Cluster creation and resizing
This guide is for the cluster administrator (currently Derek). Since we only need one cluster and Derek is taking care of creating it, this guide is not necessary for the whole team. There is a separate guide on cluster management that is for the whole team.
Key resource referenced in creating this guide: Beginner's Guide to Magnum on Jetstream2
One-time local machine software setup
These instructions will set up your local (Linux, Mac, or WSL) machine to control the cluster through the command line.
Install Python and create virtual environment
Make sure you have a recent Python interpreter and the venv utility, then create a virtual environment for OpenStack management:
Install OpenStack command line tools
# Activate environment
source ~/venv/openstack/bin/activate
# Install OpenStack utilities
pip install -U python-openstackclient python-magnumclient python-designateclient
Install kubectl
Install the Kubernetes control utility kubectl (from the official Kubernetes documentation):
# Install prerequisites
sudo apt install -y apt-transport-https ca-certificates curl gnupg
# Add Kubernetes apt repository
curl -fsSL https://pkgs.k8s.io/core:/stable:/v1.33/deb/Release.key | sudo gpg --dearmor -o /etc/apt/keyrings/kubernetes-apt-keyring.gpg
sudo chmod 644 /etc/apt/keyrings/kubernetes-apt-keyring.gpg
echo 'deb [signed-by=/etc/apt/keyrings/kubernetes-apt-keyring.gpg] https://pkgs.k8s.io/core:/stable:/v1.33/deb/ /' | sudo tee /etc/apt/sources.list.d/kubernetes.list
sudo chmod 644 /etc/apt/sources.list.d/kubernetes.list
# Install kubectl
sudo apt update
sudo apt install -y kubectl
Create application credential
In Horizon, go to Identity > Application Credentials.
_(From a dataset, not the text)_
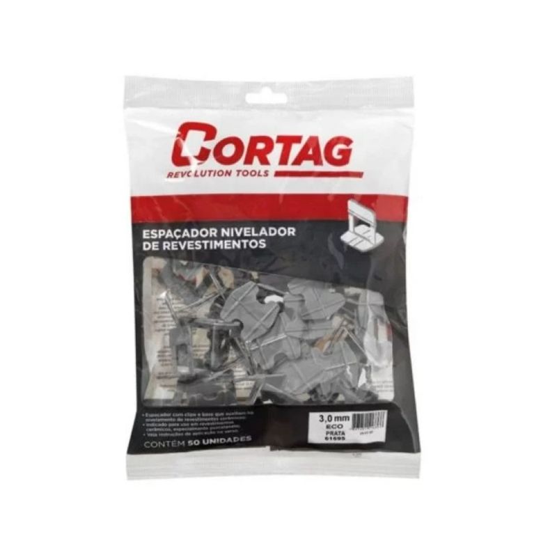 Espaçador com clipe e base que auxiliam no nivelamento de revestimentos cerâmicos.

Click Create:
- Do not change the roles
- Do not set a secret (one will be generated)
- Do set an expiration date
- Do check "unrestricted" (required because Magnum creates additional app credentials for the cluster)
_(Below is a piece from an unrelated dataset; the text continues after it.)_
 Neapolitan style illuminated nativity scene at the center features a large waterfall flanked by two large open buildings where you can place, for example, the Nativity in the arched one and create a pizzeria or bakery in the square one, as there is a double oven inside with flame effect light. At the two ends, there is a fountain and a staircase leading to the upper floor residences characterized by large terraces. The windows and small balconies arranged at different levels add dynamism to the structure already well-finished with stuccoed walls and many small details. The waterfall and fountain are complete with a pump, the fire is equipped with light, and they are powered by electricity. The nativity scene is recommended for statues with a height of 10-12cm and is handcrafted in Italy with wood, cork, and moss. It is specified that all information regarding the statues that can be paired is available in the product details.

Download the openrc file and store it in the OFO Vaultwarden organization where OFO members can access it.
Copy the application credential onto your local computer (do not put it on a JS2 machine),
ideally into ~/.ofocluster/app-cred-ofocluster-openrc.sh (which is where we will assume it is in
these docs).
Source the application credential (which sets relevant environment variables for the OpenStack command line tools):
Create OpenStack keypair
Create a keypair for cluster node access. If you want, you can save the private key that is displayed when you run this command in order to SSH into the cluster nodes later. However, they won't have public IP addresses, so this is mainly to satisfy Magnum's requirements.
# Create a new keypair (displays private key - save if needed)
openstack keypair create my-openstack-keypair-name
Alternatively, specify an existing public key you normally use, in this example ~/.ssh/id_rsa.pub:
# Use existing public key
openstack keypair create my-openstack-keypair-name --public-key ~/.ssh/id_rsa.pub
Enable shell completion
# Create directory for completion scripts
mkdir -p ~/.bash_completion.d
# Generate completion scripts
openstack complete > ~/.ofocluster/openstack-completion.bash
kubectl completion bash > ~/.ofocluster/kubectl-completion.bash
# Add to ~/.bashrc
echo 'source ~/.ofocluster/openstack-completion.bash' >> ~/.bashrc
echo 'source ~/.ofocluster/kubectl-completion.bash' >> ~/.bashrc
Cluster creation
Assuming you're in a fresh shell session, enter your JS2 venv and source the application credential:
View available cluster templates
Deploy the cluster
Specify the deployment parameters and create the cluster. Choose the most recent Kubernetes version
(highest number in the template list). The master node can be m3.small. We'll deploy a cluster
with a single worker node that is also m3.small. When we need to scale up, we'll add nodegroups.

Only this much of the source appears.